Once we were semi-clean, I pinched her ribbon and used sand from the bottom to scrub it the best I could. She pouted the entire time I handled it as if not trusting me with her prized possession.
By the time we’d dried off, dressed in clean clothes, and eaten dinner of tuna fish on squashed, stolen bread rolls, my eyelids drooped and Della curled into a ball on the sheet by the small fire I’d made.
I curled up beside her.
The tent went unused that night.
* * * * *
We stayed there for three nights, getting used to the equipment I’d stolen, sunbaking in the dappling light through the leaves, eating squished bananas and apples, and growing fat on melted chocolate bars and deliciously salted pretzels.
I’d never eaten so well or had time off just to do nothing.
I didn’t care we went through our rations crazy fast.
I didn’t care we should probably keep moving.
This was every birthday that I’d never had, and I wanted it to last forever.
Della seemed to go through a growth spurt just like the lambs at Mclary’s. One night, the baby sheep were all legs and skinny, the next they were fat and bouncy.
Della did the same thing.
The colour returned to her cheeks with regular food, and the sun browned the rest of her thanks to us barely wearing any clothes.
We learned to share the sleeping bag, clean our teeth with one brush, and scrub our clothes with the single bar of soap.
So many chores just to stay healthy and alive, but everything was so much more rewarding than fighting for scraps after a never-ending day raking, baling, feeding, milking, tending, mending…an eternal list of tasks.
In the evenings, we listened side by side to night crawlers and creatures and stayed dry and warm as a rain shower found us on the second night. The splatter of droplets on the tent lulled us to sleep instead of keeping us awake and shivering under a tree.
Life had never been so good.
And on the third night, when my mind was busy with plans of finding a new paradise, Della wriggled upright in the sleeping bag, pointed at my nose, and said, “Boy.”
CHAPTER TEN
DELLA
* * * * * *
Present Day
OKAY, I MADE my decision, Professor Baxter.
I’m going to do the assignment. I’m going write a non-fiction tale and make it read as fiction. However, I can’t take all the credit as it already reads fake without any embellishment from me.
I suppose I should start this tale with the requisite address that’s always used at the beginning of a story.
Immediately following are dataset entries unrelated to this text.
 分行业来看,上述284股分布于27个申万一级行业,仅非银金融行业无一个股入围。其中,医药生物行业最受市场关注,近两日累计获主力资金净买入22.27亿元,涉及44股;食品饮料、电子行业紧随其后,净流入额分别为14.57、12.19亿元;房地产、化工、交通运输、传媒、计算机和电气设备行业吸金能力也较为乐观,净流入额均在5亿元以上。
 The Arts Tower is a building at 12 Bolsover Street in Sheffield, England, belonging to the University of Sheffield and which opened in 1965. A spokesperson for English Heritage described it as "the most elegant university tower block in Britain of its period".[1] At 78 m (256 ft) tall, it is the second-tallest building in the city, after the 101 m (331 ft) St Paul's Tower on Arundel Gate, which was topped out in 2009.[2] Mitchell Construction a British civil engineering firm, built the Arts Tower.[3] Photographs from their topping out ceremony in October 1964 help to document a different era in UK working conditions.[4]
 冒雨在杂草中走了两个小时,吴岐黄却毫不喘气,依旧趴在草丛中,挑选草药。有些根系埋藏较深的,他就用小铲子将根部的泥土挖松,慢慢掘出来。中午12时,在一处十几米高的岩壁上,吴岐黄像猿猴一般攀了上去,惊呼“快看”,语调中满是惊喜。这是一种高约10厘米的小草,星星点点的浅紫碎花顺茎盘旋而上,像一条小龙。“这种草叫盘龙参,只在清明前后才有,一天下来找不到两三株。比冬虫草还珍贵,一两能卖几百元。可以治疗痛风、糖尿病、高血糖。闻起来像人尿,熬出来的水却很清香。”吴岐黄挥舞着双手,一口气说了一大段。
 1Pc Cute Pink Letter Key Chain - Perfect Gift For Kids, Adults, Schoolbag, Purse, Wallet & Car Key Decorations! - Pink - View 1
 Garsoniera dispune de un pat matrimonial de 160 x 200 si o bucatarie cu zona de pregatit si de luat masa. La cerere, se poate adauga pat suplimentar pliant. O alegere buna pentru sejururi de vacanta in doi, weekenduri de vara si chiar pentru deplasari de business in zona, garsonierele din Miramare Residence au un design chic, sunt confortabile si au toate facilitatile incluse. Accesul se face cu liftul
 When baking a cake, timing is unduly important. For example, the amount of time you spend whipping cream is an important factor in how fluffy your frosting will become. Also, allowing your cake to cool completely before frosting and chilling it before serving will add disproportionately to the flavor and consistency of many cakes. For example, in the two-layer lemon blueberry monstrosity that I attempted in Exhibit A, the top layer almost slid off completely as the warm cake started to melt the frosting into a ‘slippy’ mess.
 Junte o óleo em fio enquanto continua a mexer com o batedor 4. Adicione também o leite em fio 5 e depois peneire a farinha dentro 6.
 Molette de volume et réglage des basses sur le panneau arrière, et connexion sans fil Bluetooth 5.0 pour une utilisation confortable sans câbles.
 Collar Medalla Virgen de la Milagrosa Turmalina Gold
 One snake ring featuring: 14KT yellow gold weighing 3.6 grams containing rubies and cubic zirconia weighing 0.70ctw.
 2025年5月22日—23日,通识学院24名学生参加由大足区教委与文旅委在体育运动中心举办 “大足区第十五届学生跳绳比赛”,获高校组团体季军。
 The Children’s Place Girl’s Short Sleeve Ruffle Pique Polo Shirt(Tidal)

I don’t know what sort of grades my biography will earn from you, and I’m still marginally terrified of the consequences of what he’ll do for breaking my promises, but I’m actually excited to relive the past. To smile at the happy times. To flinch at the hard. To cry at the sad.
There are so many moments to sift through that it’s like cracking open a jewellery box after decades of dust, pulling out gemstones and diamonds, and struggling to choose what to wear.
That was what he did to me, you see? He made my entire life a jewellery box of special, sad, hard, happy, incredible moments that I want to wear each and every day.
He always said the truth was ours, no one else’s.
Well, now it’s yours, so here it goes…
* * * * *
Once upon a time, there was a boy and a baby.
This boy didn’t say much, he scowled often, worked too hard, cared too deeply, and nursed a deep distrust of people and society that nothing and no one could soothe. He had scars on his skinny body that clenched my heart the more stories he told. He had wisdom in his eyes that came from suffering, not age. And he had mannerisms born from a man who already knew his fate rather than a boy just beginning.
This boy and the baby were never meant to be together.
They were from different blood, different people, yet because of what the baby’s father and mother had done, they were technically family in a strange, unexplainable way.
They say a child’s earliest memories occur when they’re as young as three years old, but those memories aren’t there forever. There’s a phenomenon called child amnesia that starts to delete those memories when they reach seven or so and continues to erase as you grow into adulthood. Only recollections of great importance are retained while the rest becomes a life-blur with no clarity.
I don’t know about you, but I know that to be true.
When I was younger, I remembered more. I know I did. But now I’m eighteen, I struggle to recall exact days unless something happened so crisp and clear it’s burned into my psyche.
I suppose you’re thinking how then can I tell my life story starting as early as a baby? I don’t know what happened, and my memory isn’t a reliable witness.